Rainbow Houses on the River
A friend once stated, quite rightly so, that every good city had a river. A river offered a more in-depth, more intimate view of the city, cutting through the urban jungle with a resoluteness that couldn’t be overcome even by the most cunning town developer. What would London be without the river Thames, Paris without the Seine?
In Girona, the river Onyar provided such a setting that allowed deeper insights into the fabric of the city. The colour of the houses along the Onyar was not by chance. Architects had carefully selected the palette that house owners could choose from, creating this most attractive first impression that made us choose Girona over Barcelona.
We had the choice on our road trip through Spain: Stop in Barcelona like millions of other people each year, or try nearby Girona instead. A quick image search of the city name revealed a colourful river panorama, and so our minds were set. We wanted to see the lesser known place, experience the flair of a city on the river, be enchanted by the riverside houses and everything else that Girona might have to offer.

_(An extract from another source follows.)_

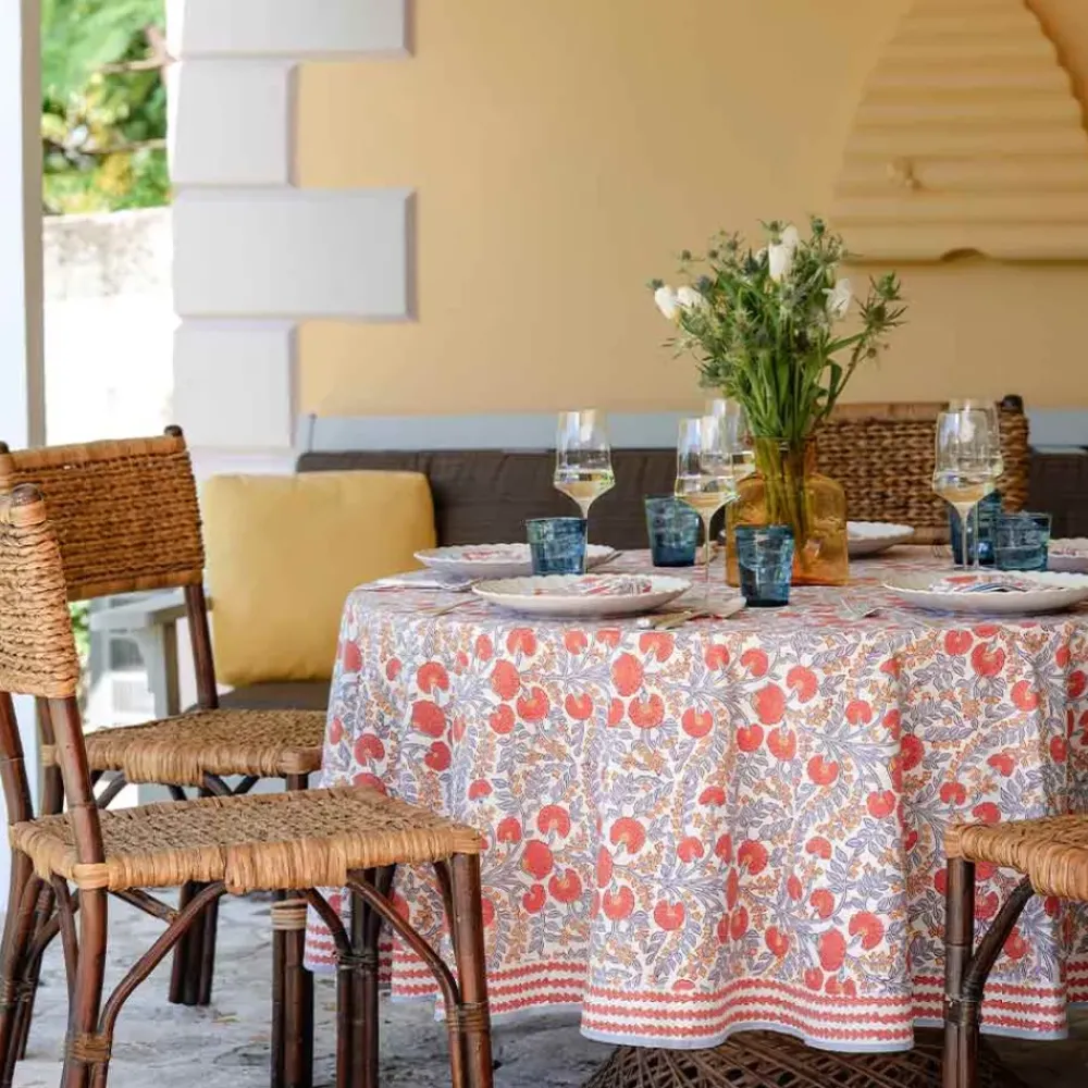 Introducing a beautiful new print that is predicted to be a best seller year round! This floral print showcases periwinkle vines with warm orange blooms and earthy undertones. Perfect for day or night and all seasons, it is sure to bring a colorful but calming energy to your dining experience.

The Narrow Streets of the Jewish Quarter
The views from the bridge were just one part of Girona. A link between the more modern part of the town and the ancient quarters closer to the cathedral. We crossed the river and entered a whole new world. Cobblestone roads would soon close in on us, becoming narrower with each step, until the four-, five-story-houses would almost touch one another. At times it was a squeeze, not just for the cars that dared to venture this deep into the centre of the old town, but also for the evening strollers.

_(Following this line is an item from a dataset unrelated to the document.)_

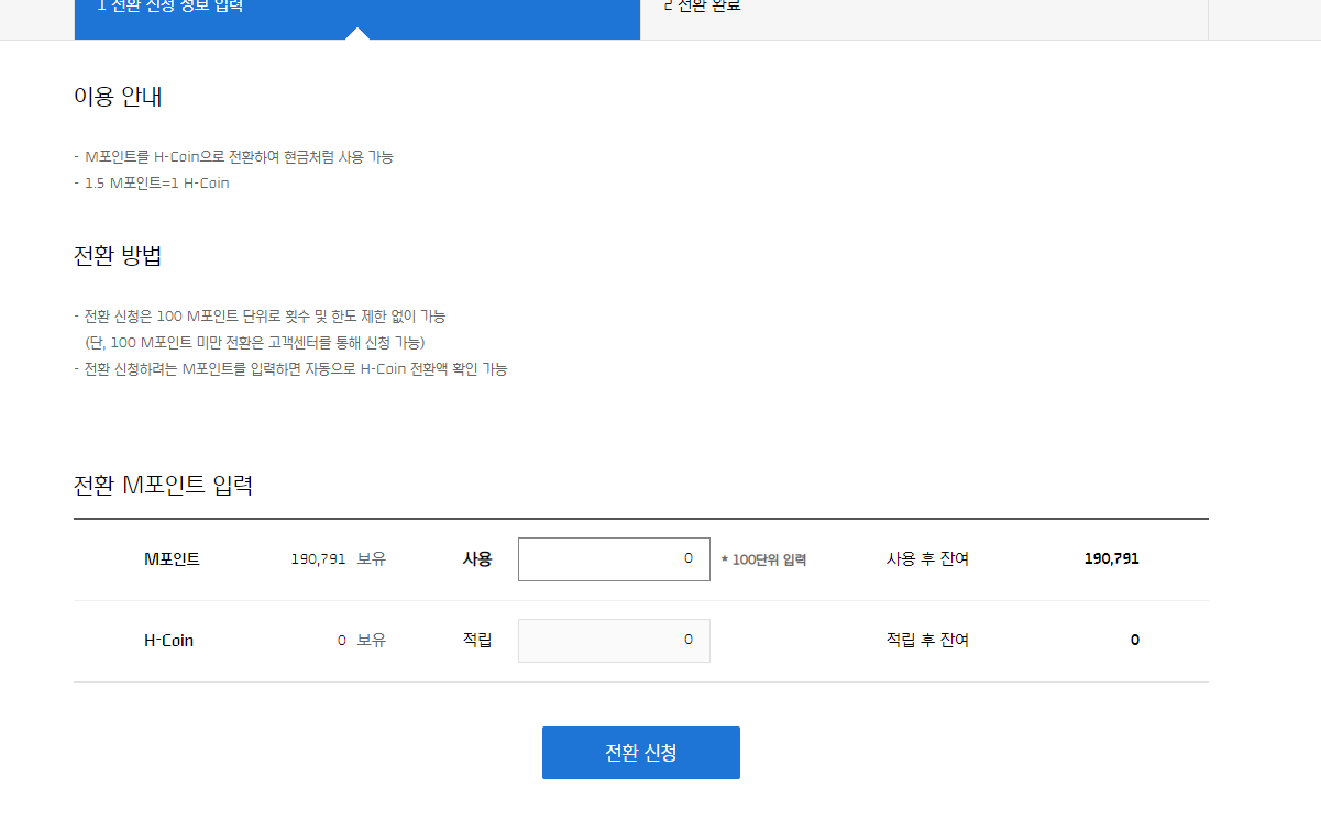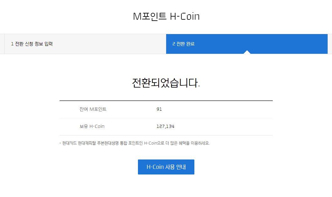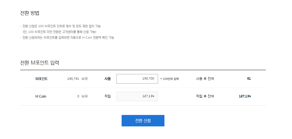 M포인트를 h-coin으로 바꾸기

There were particular features that were characteristic for Girona. The parallel roads, for example, winding up and down like slithering snakes, at times so narrow that you could almost touch them with outstretched arms. They were connected via walkways that passed through the houses, arched footpaths that beckoned you to try a detour, to explore the guts of the ancient core, deeper and deeper until you were sucked into a maze of alleys and tunnels and steep stairs.
The stairs – they sometimes started next to a road, took a turn, followed the backside of a house, opening up a new path. On and on they went, taking you up to places where no car would ever go, past century-old houses, destination unknown. We followed the stairs and were rewarded with unforgettable views and a look at the imposing Cathedral of Girona which was silently towering over the city like a lioness over her playful cubs.
A Vibrant Town Centre at Night
From the steps of the Cathedral, we descended to the old town again where the crowds were strolling hand in hand through the streets, finding respite in the cooler evening air on a hot summer’s day. Almost every seat was taken now, the tables filling every square. Aimlessly, we wandered through the archways and alleys, happening on secret courtyards filled with people, dining, snacking, drinking.
The atmosphere was full of cheer and bonhomie, it seemed that every citizen of Girona was out and about, enjoying the flavours, sights and sounds of a city that was preparing for the night. No cars could be heard, just the myriad of voices, all mixed up to a buzzing bee stock of human activity. Adults and children, families and friends, Catalans and visitors from overseas, all coming together to soak up the lively atmosphere of this charming town.
This was a city made for people. A place where you could come out to play, meet neighbours and make new friends. What a difference to Australia where we had just come from, where city centres were made for cars and not for people.
In the end, we joined the crowds, conquered a free table, ordered local delicacies, and became one with the city. The lure of metropolitan Barcelona was long forgotten, we now knew where we belonged.